Concluded WG VoIP Peering and Interconnect (voipeer)

Note: The data for concluded WGs is occasionally incorrect.

WG Name VoIP Peering and Interconnect
Acronym voipeer
Area Transport Area (tsv)
State Concluded
Charter charter-ietf-voipeer-01 Approved
Document dependencies
Personnel Chair David Meyer

Final Charter for Working Group

The term "VoIP Peering" has been used to describe many different
aspects of provider interconnect and the delivery of SIP call
termination over that interconnection. Further, since VoIP peering
focuses on how to identify and route calls at the application level,
it does not (necessarily) involve the exchange of packet routing data.
Given that VoIP peering is about routing calls, it includes (among
other things) the accounting of costs that may be incurred in the use
of any of these routes, the actual transport protocol of those media
streams (or the details of those media streams), the IP network or
criteria for the transport IP network,the signaling protocol that is
used for transporting call-routing information, etc. Thus, given the
broad scope of the topic, this BOF proposes to focus on the following

(i). To initiate long term discussion on VoIP Peering and Interconnect
among the Internet's operational community, with the goal of
understanding the existing and future requirements for VoIP Peering and
Interconnect. In particular, since VoIP peering is really about how to
identify and route calls at the application level, it brings
requirements from both transport providers and application vendors, as
well as many other third parties. One possible outcome of this would
be to charter a VoIP Peering and Interconnect Working Group (area TBD).

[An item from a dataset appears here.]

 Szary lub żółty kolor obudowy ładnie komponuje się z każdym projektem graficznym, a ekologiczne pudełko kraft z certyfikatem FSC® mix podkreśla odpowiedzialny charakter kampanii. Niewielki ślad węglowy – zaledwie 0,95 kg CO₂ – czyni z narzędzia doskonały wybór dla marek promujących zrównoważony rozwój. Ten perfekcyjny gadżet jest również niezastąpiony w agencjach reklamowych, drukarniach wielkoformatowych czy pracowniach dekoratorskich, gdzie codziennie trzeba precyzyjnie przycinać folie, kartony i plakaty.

(ii). To address the near-term need to document the requirements and
associated use-cases for VoIP interconnect. Such requirements can be
used to inform protocol groups working on relevant protocol mechanisms.

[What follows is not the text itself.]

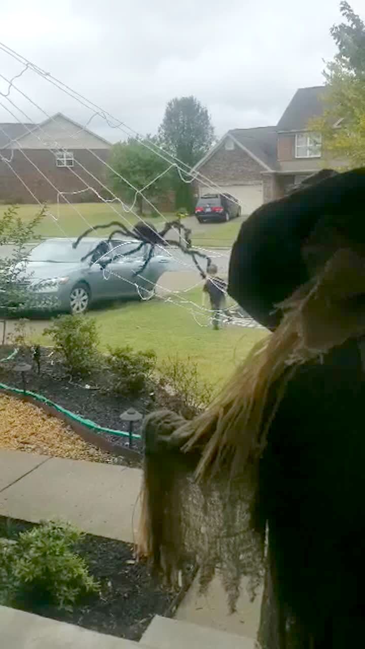 A young girl sees a Halloween decoration by the front door and says "I'm not scared of that witch," then screams when a mechanical spider jumps at her. Security footage.

The focus of the proposed work will be on documenting VoIP Peering and
Interconnect use cases, defining their requirements, and describing
what can be done in support of those use-cases and requirements with
the Internet technology (and its dual, namely, what can't be done with
the Internet technology).

Issues for voipeer include (but are not limited to):

(a). Call Routing

That is, how to figure out who to route calls to. Options include SIP,
ENUM (public v. private ENUM, carrier ENUM, etc). Further, several
protocols have been proposed to carry enhanced call routing
information, such as RFC3219 (TRIP). Are these necessary, and if so,
are there complexity concerns?

(b). ENUM

How ENUM is currently being deployed/used, what are the barriers to
deployment, if any, and how can we further facilitate its deployment.
Other related topics include number portability, as well as directory
and other enhanced routing requirements.

(c). Security

Includes topology and provider hiding, DoS prevention, authorization,
and VoIP Spam mitigation (e.g., SPIT).

(d). Accounting

That is, how to track calls made to and from each peer, including TOD,
duration, packets send and received, etc.

(e). Audit

Including how to determine where in the call path a fault lies, per-
call accounting of call quality (most providers are looking for end-to-
end call quality). Accounting of ASRs (and other PSTN call metrics,
for PSTN termination peers only).

(f). PSTN Fallback

Issues here include what to do if the IP network is congested, how to
do PSTN fallback, and interaction with call routing and IP network
congestion measurement and monitoring.=20

(g). Feature Interoperability=20

(h). Lawful Intercept

Will be discussed within the IETF's RAVEN principles.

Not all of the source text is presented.